A study for Le Colin-maillard is recorded in a counterproof now in the Louvre (Rosenberg and Prat 10). The other side of the sheet shows a series of separate figures, apparently not drawn from life and unrelated to each other. The latter figures are decidedly Gillotesque in spirit but not in draftsmanship. Nonetheless, both side of the sheet were credited to Gillot until 1938 when Jacque Mathey first recognized that they were by the young Watteau. Prior to then it had been assumed that Watteau had borrowed his master’s sketch for his painting. But now, with the realization that the drawing is Watteau’s own invention, other questions arise: was this a game that Watteau actually observed and drew, or, more likely, was he working from his imagination, posing the figures in a lively arrangement. The study is rapidly drawn, and some of the figures, such as the kneeling man in the foreground, are not fully realized, but a secondary sketch at the top of the page offers greater resolution.
Although we have little information about Le Colin-maillard that sold in London in 1731, it seems highly likely that this was the original Watteau painting. The painting was only engraved the previous year, leaving very little time for the engraving to have circulated and been copied. The actual sale catalogue has not even survived. All we have is Richard Houlditch’s transcription and that does not record the selling price nor the buyer’s name. It has not been possible to trace the painting in subsequent eighteenth-century sales in England.
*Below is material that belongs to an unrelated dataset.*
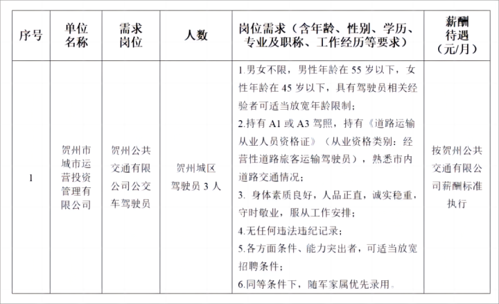 賀州市城市運(yùn)營(yíng)投資管理有限公司2023年第一次招聘公告(第二批次)2023-08-11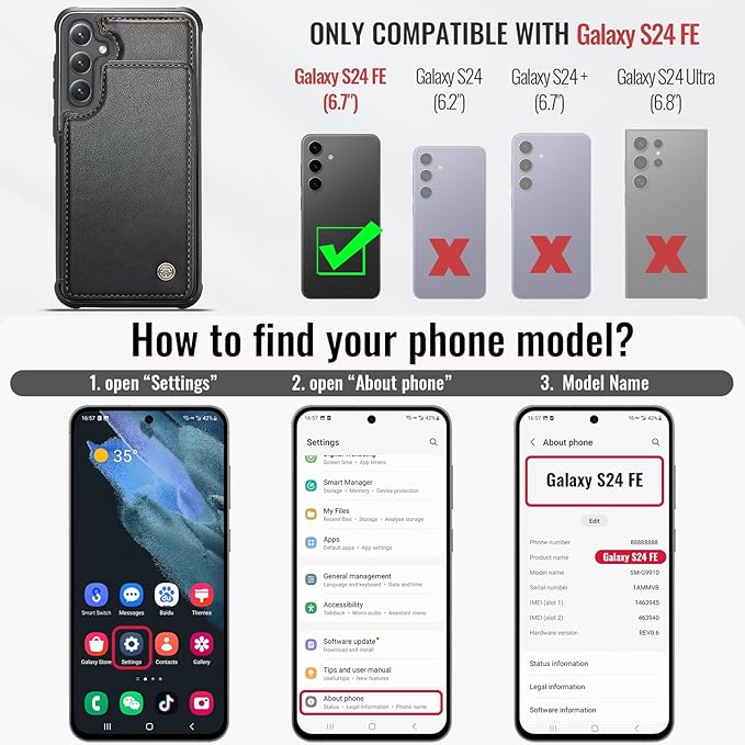 - for Samsung S24 FE Case with Card Holder: The for Galaxy S24 FE case is designed with card slots for drivers license, insurance cards, door access card, debit cards, etc; The case is easy to hold and remove, so you don’t need to take bulky purse to outdoor; This case for S24 FE is suitable for all ages of women & men

Scholars are in agreement that Le Colin Maillard is a very early painting. The overall proportions of the figures—long and with small heads—is a clear indication of this. The stiffness of pose of the men at either side, one seated, the other standing, affords additional evidence of the artist’s lack of skill. But, as always, there is no agreement as to exactly when the painting was executed since there are few chronological markers in Watteau’s juvenilia. Mathey proposed c. 1705-05; Roland Michel suggested 1705-08; Adhémar favored 1705-09; Rosenberg and Prat dated the Louvre drawing to c. 1708; Eidelberg suggested c. 1708-10. One of the major issues in trying to date Watteau’s early works is that we do not know when Watteau started to paint independently.
Although depictions of games are so frequent in French eighteenth-century paintings, we must not overlook that they still were a novel subject in Watteau’s era. There are precedents, primarily in graphic arts such as Adam Pérelles’ engraving of Le Jeu de colin-maillard. But such pictorial precedents are rare and did not demonstrably influence Watteau’s choice of subject.
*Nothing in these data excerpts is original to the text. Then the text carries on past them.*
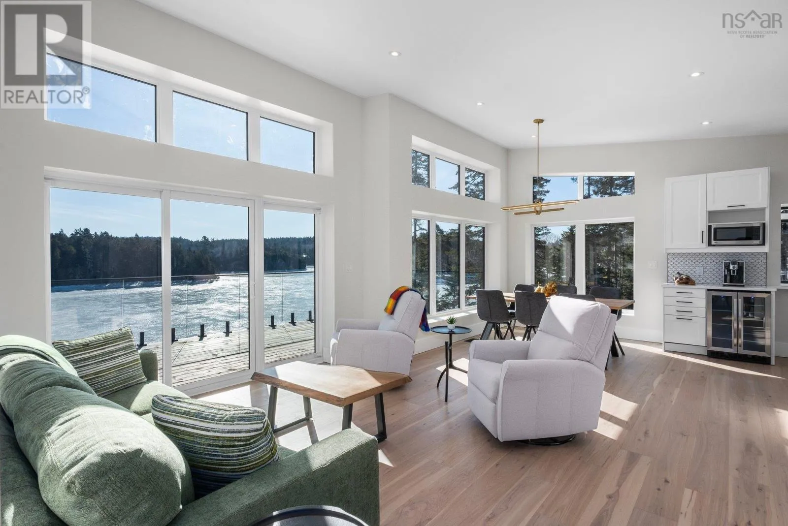From Highway 332, take Indian Path Road. Experience coastal luxury in this brand-new, ICF-constructed oceanfront home, perfectly positioned on 1.34 private, southeast-facing acres. Thoughtfully designed for comfort, efficiency, and breathtaking views, this 2,067 sq. ft. contemporary masterpiece is the ultimate seaside sanctuary. Step inside to an open-concept living space adorned with hickory hardwood floors and modern fixtures, from impressive feature lighting to custom hand rails. The expansive triple-glazed, hurricane-proof windows frame stunning ocean vistas while providing superior energy efficiency and storm protection. The main level is designed for modern living where you'll find the open kitchen, living, dining room, primary bedroom with ensuite and a bright and airy sunroom, perfect for soaking in the coastal scenery. Continuing down to the light lower level, also designed for seamless indoor-outdoor living with its full size walk out doors to the garden in the family room, 2 more bedrooms, a luxurious bathroom, laundry and office nook. The property features two walk out decks, ideal for entertaining or simply unwinding to the sound of the waves. A ducted heating and cooling system ensures year-round comfort, making this home as practical as it is beautiful. Outside, the professionally terraced lawn leads to granite rock tiered walls, enhancing the natural beauty of the shoreline. Enjoy protected kayaking waters right from your doorstep, offering a tranquil escape for paddlers of all levels. This prime location is less than 10 minutes from Lunenburg, a UNESCO World Heritage town brimming with history and charm. You're also just minutes from the LaHave Ferry, the quaint Rose Bay General Store & Bistro, and some of the South Shores most stunning beaches and just 80 mins to the Halifax Airport. A rare opportunity to own a brand-new, high-quality oceanfront home in one of Nova Scotias most sought-after coastal settings. All home visits must be booked through the Real Estate Agent - No trespassi (id:27476)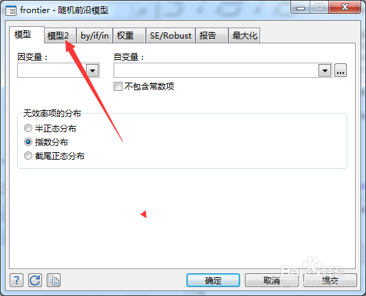 1、首先,点击菜单中的统计菜单,弹出了下拉菜单选中为随机前沿模型选项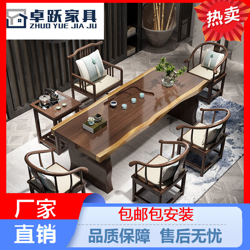 Bàn trà ván lớn bằng gỗ nguyên khối Zen Kung Fu bảng lớn phong cách Trung Quốc mới văn phòng tại nhà trọn bộ Bàn trà gỗ kết hợp Bàn trà và ghế

Surprisingly, Watteau did not return to the theme of blind man’s buff in his later career, certainly not with the same frequency that he depicted scenes of women on the swing. In contrast, his pupils Pater and Lancret (but not Quillard) repeated the subject many times over. Although Watteau’s characters are fashionably dressed, the landscape setting and the bagpipes in the foreground suggested a pastoral, rural ambience. With Pater and Lancret the mood shifted perceptibly to a richer, more courtly society, sometimes in a palatial setting. In many of Pater’s paintings, cupids assist in what now is a playful game of love.